I’ve been an insomniac my whole life. I remember reading thru the night as a child (with, of course, frequent trips to the kitchen – using food to keep me company.)
It was a lifetime of sleepless nights, night after night, starting from early childhood. As an adult, I was alone in my apartment, up all night, binging and puking. Chronic insomnia played a huge role in my drinking (made me sleepy), binging (food “kept me company”), and drugging (with cocaine, I didn’t even need sleep.)
In my 30s, I discovered sleep aids – ambien, codeine, vicodin, xanax, whatever a doctor (any doctor) would give me. And naturally, I abused them by taking too many or combining them with each other and alcohol.

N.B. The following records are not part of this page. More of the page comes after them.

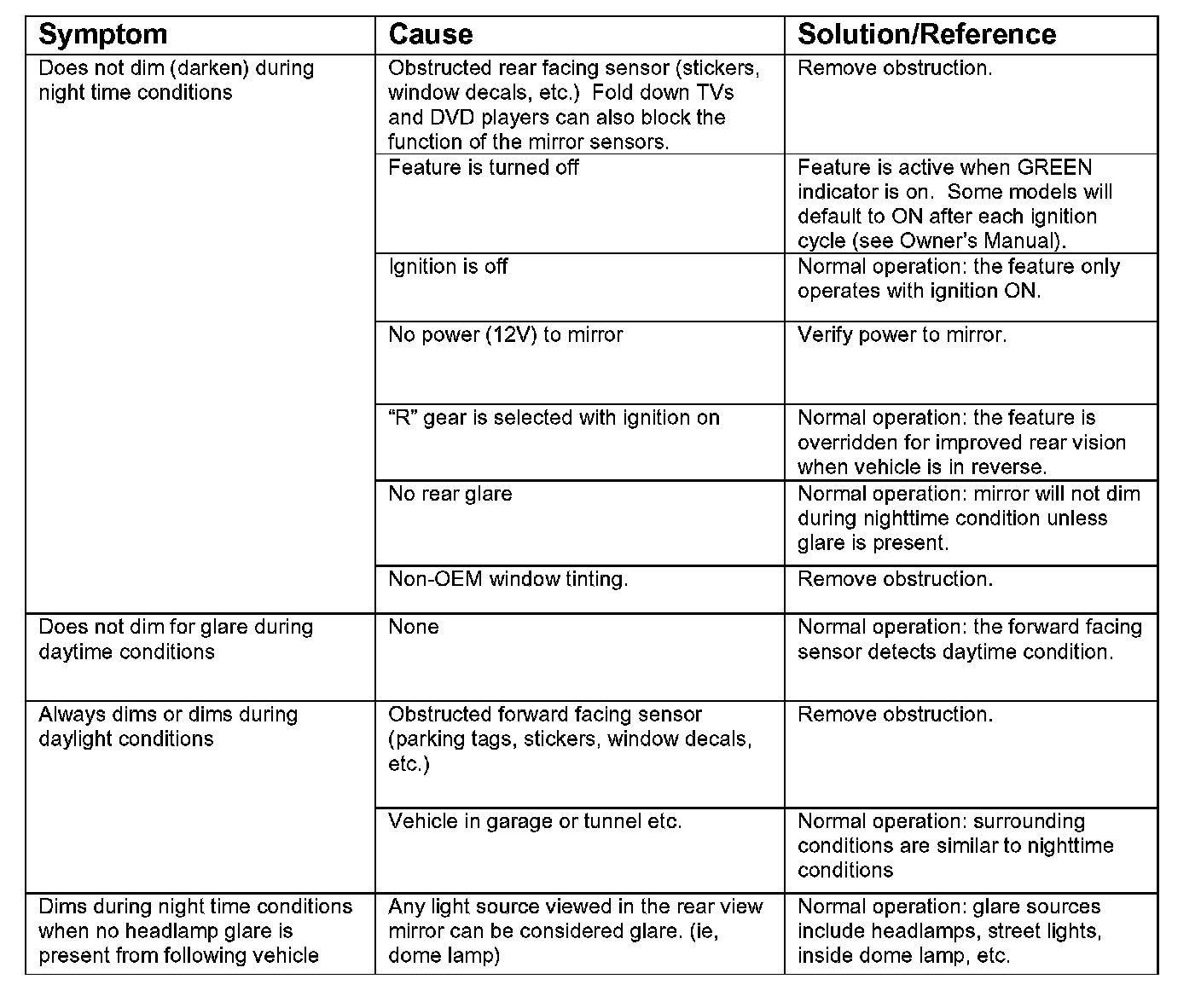 Auto Dimming Mirror Trouble Shooting
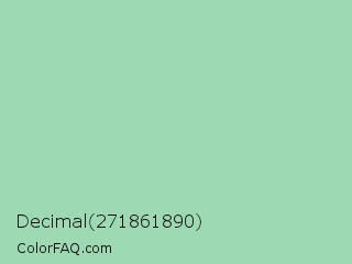 Decimal 271861890 Color is a light green color and the nearest color is Turquoise Green #a0d6b4. Hex code #9dd9b2 and RGB value is rgb(157,217,178). In RGB color space, this color is composed of 62% red, 85% green, 70% blue, In CMYK color space, this color is composed of 28% cyan, 0% magenta, 18% yellow , 15% black , In HSL color space, this color has a hue angle of 141° , 44% saturation and 73% lightness.
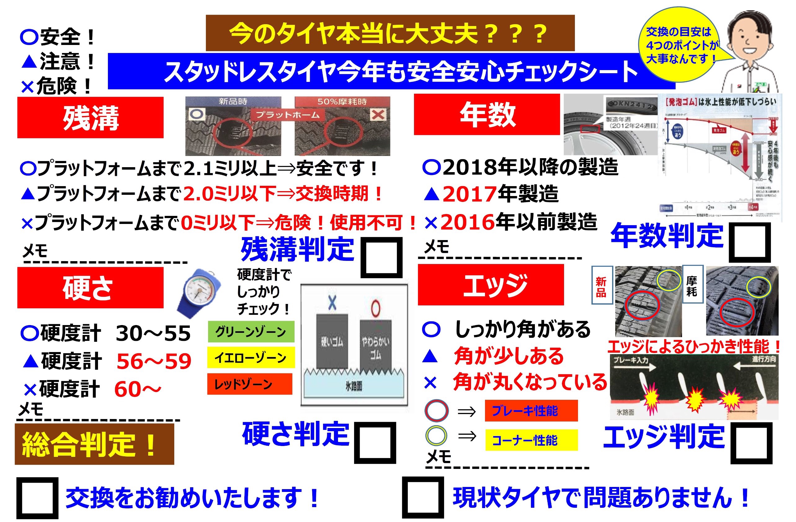 今お客様のスタッドレスの健康状態を!点検させて頂いております!
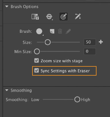 1. Enable the Sync settings with Eraser check box in the Brush tool (B).
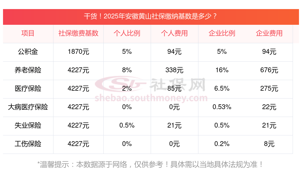 社保基数的确定,依据职工上一年1月到12月期间,所有工资性收入所得的月平均金额,此金额用于计算社会保险费缴纳的工资基数。那么,2025年安徽黄山社保要交多少钱(缴费比例+缴费基数),下面随新社通app小编一起来了解具体内容。
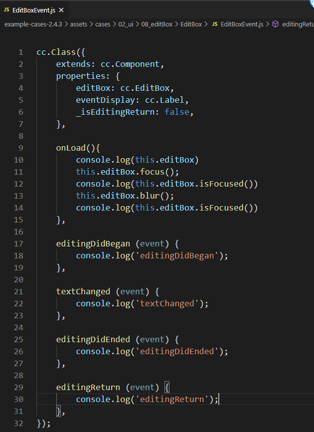 重现方式:官方用例:example-cases-2.4.3 ui组件 EditBoxEvent 场景 用例代码截图:
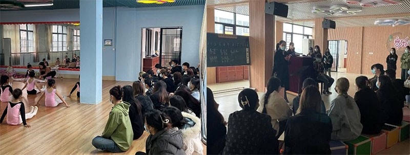 最后学生进入学校,对校内设施,课堂活动,学生作品进行了多维度的观察学习,期间指导老师对学生进行思想指导,激发学生的自主思考。(舞蹈教研室/摄)
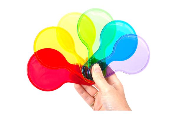 Doorzichtige plastic padels in 6 kleuren. Heel handig voor het mengen van kleuren. Het grotere formaat maakt ze ideaal voor de individuele verkenning.

While in rehab (which is clearly where I belonged!), doctors prescribed Trazodone, which they explained was an anti-depressant that didn’t really work, but it did have the side effect of making people sleepy. Doctors assured me it was fine and not addictive and not problematic.
I’ve been taking Trazodone for four years, every night, and I do sleep well. BUT I do feel pretty drowsy and woozy in the morning. In general, I don’t feel like my mind and memory are as sharp as they used to be, although I don’t know if that’s the Trazodone.
Now, my sponsor wants me to get off the meds. He thinks I use them as a crutch and it’s still “druggy”.
At first, I freaked out. “oh my God, don’t take sleep away from me. I couldn’t bear it.” I flashed back to every sleepless moment throughout my life.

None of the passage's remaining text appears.